UDST / sanfran_urbansim

An UrbanSim for San Francisco: an example implementation of the new framework
39 stars 27 forks source link

.h5 dataset attributes #9

Closed lisalan520 closed 9 years ago

lisalan520 commented 9 years ago

Hi, I am a beginner of both urbansim and python who has some difficulty in understanding the data in sanfran_public.h5 file.

I used h5py module and got the 6 groups in the file as well as datasets (name,shape,type) in each group.

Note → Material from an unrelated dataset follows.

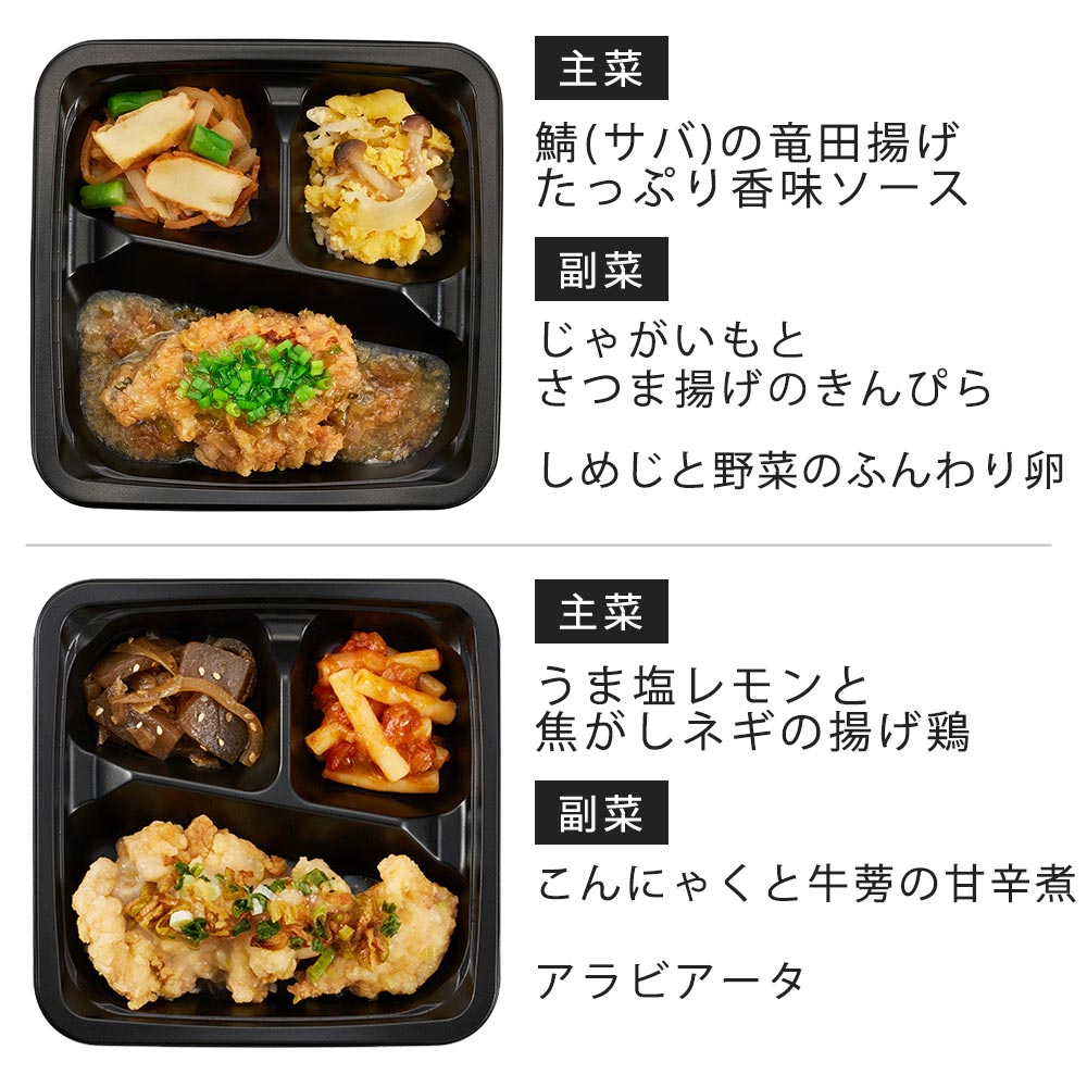 (鯖(サバ)の竜田揚げ たっぷり香味ソース107g・うま塩レモンと焦がしネギの揚げ鶏112g・食欲そそる鶏肉のカレーソース129g・白身魚の和風オニオンソース110g・濃厚トマトのハッシュドポーク130g)アレルゲン 鯖(サバ)の竜田揚げ たっぷり香味ソース(卵・小麦・乳成分・さば・大豆・ごま・鶏肉)

For example, here is information for datasets in Buildings table:

Buildings [<HDF5 dataset "axis0": shape (9,), type "|S23">, <HDF5 dataset "axis1": shape (152605,), type "<i8">, <HDF5 dataset "block0_items": shape (6,), type "|S20">, <HDF5 dataset "block0_values": shape (152605, 6), type "<f4">, <HDF5 dataset "block1_items": shape (2,), type "|S23">, <HDF5 dataset "block1_values": shape (152605, 2), type "<f8">, <HDF5 dataset "block2_items": shape (1,), type "|S9">, <HDF5 dataset "block2_values": shape (152605, 1), type "<i4">]

By the size and type information, I guess that axis0 & axis1 refers to columns and rows of the table; and it seems there are 6 columns in block0, 2 in block1, and 1 in block2. Am I right about the above analyses? If right, then how can I know the exact attributes in each block?

Thanks!

jiffyclub commented 9 years ago

Hi @lisalan520, that file is created by Pandas's HDFStore utility, so it might look a bit unnatural if you open it straight up in h5py. Open it up with HDFStore and use the .keys() method to see the names of all the tables stored in the file. You'll also be able to load the tables from the h5 file as Pandas DataFrames.

You can read more about HDFStore at http://pandas.pydata.org/pandas-docs/dev/io.html#io-hdf5.

lisalan520 commented 9 years ago

Thank you @jiffyclub Now I'm able to see the attributes of each table in the h5 file. This is really helpful, thanks!

jiffyclub commented 9 years ago

Great!